_Data under study:_
-- -- --

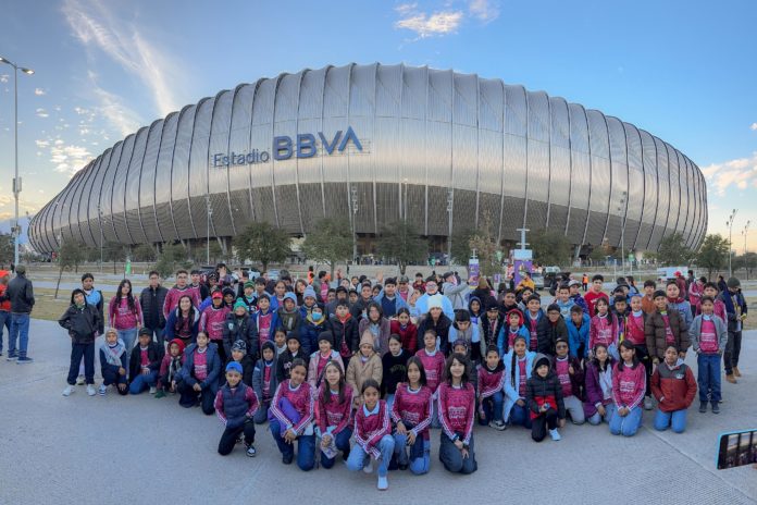 En el marco de las acciones de promoción turística previas al Mundial de Futbol 2026 y como un incentivo a los alumnos más destacados de educación básica, este día, la alcaldesa Mónica Villarreal Anaya despidió a un nutrido contingente que partió al estadio Monterrey BBVA “Gigante de Acero” para asistir al juego de las Leyendas Corona coordinado por la FIFA y el Comité organizador de la justa mundialista.
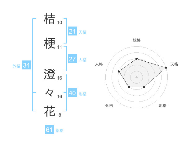 桔梗 澄々花さんを姓名の画数から五運を鑑定
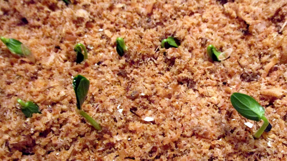 Sėklos turi būti sodinamos ne daugiau kaip 2 cm gylyje, laikantis vienodo tinklo. Dabar konteinerį galima pastatyti šiltoje vietoje ir sistemingai sudrėkinti pjuvenas, kai tik jie pradės džiūti.
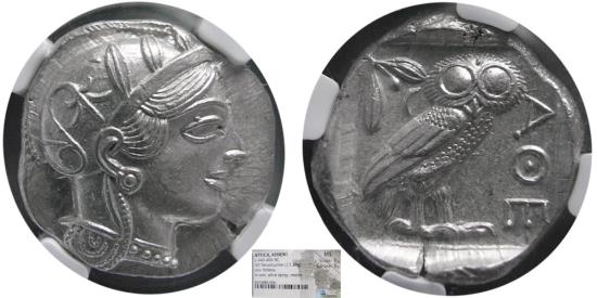 PCW-G7483-ATTICA, Athens. 440-404 BC. Silver Tetradrachm (17.20 gm; 25 mm). NGC-MS. Helmeted head of Athena right / Owl standing right, head facing; olive sprig and crescent behind. SNG Copenhagen 31; Starr pl. XXII, 7. NGC-MS (Strike 5/5; Surface 5/5). Certificate # 6674486-006. Lovely style and strike. Fully lustrous. Great example for the issue. |
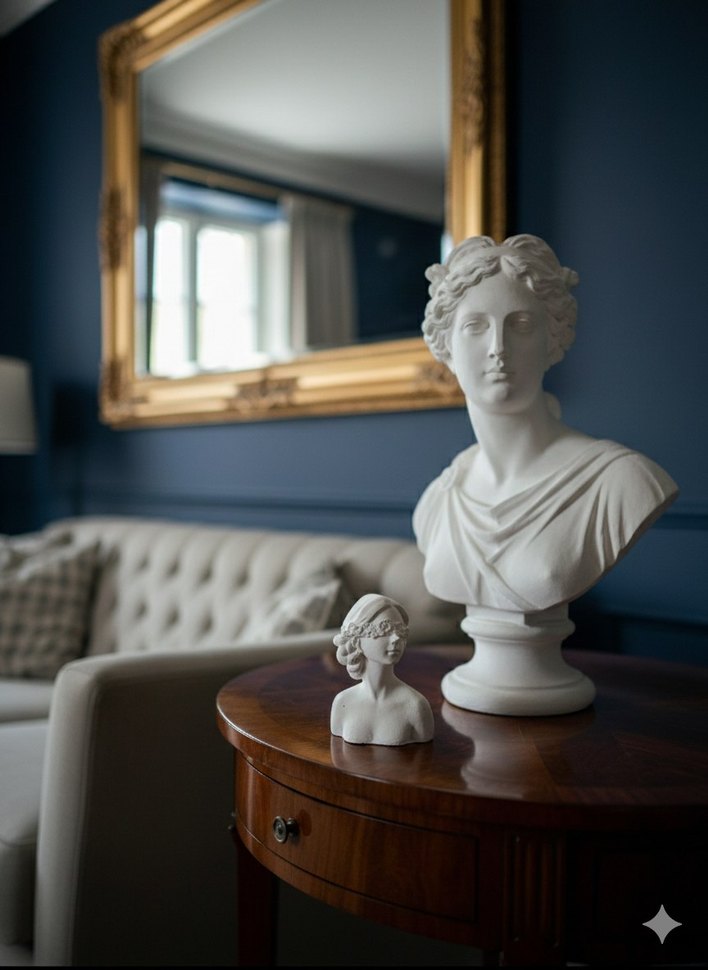 Lacivert duvarlarda beyaz büst heykeller ve çizgili vazoyu içeren klasik ve şık ev dekorasyonu. Görüntüde 3:15 zamanı görünür. ️

-- -- --

_Task description:_
The answer must be an exact copy of the records above, with the pictures left out.

_Result of the exercise:_
 En el marco de las acciones de promoción turística previas al Mundial de Futbol 2026 y como un incentivo a los alumnos más destacados de educación básica, este día, la alcaldesa Mónica Villarreal Anaya despidió a un nutrido contingente que partió al estadio Monterrey BBVA “Gigante de Acero” para asistir al juego de las Leyendas Corona coordinado por la FIFA y el Comité organizador de la justa mundialista.
 桔梗 澄々花さんを姓名の画数から五運を鑑定
 Sėklos turi būti sodinamos ne daugiau kaip 2 cm gylyje, laikantis vienodo tinklo. Dabar konteinerį galima pastatyti šiltoje vietoje ir sistemingai sudrėkinti pjuvenas, kai tik jie pradės džiūti.
 PCW-G7483-ATTICA, Athens. 440-404 BC. Silver Tetradrachm (17.20 gm; 25 mm). NGC-MS. Helmeted head of Athena right / Owl standing right, head facing; olive sprig and crescent behind. SNG Copenhagen 31; Starr pl. XXII, 7. NGC-MS (Strike 5/5; Surface 5/5). Certificate # 6674486-006. Lovely style and strike. Fully lustrous. Great example for the issue. |
 Lacivert duvarlarda beyaz büst heykeller ve çizgili vazoyu içeren klasik ve şık ev dekorasyonu. Görüntüde 3:15 zamanı görünür. ️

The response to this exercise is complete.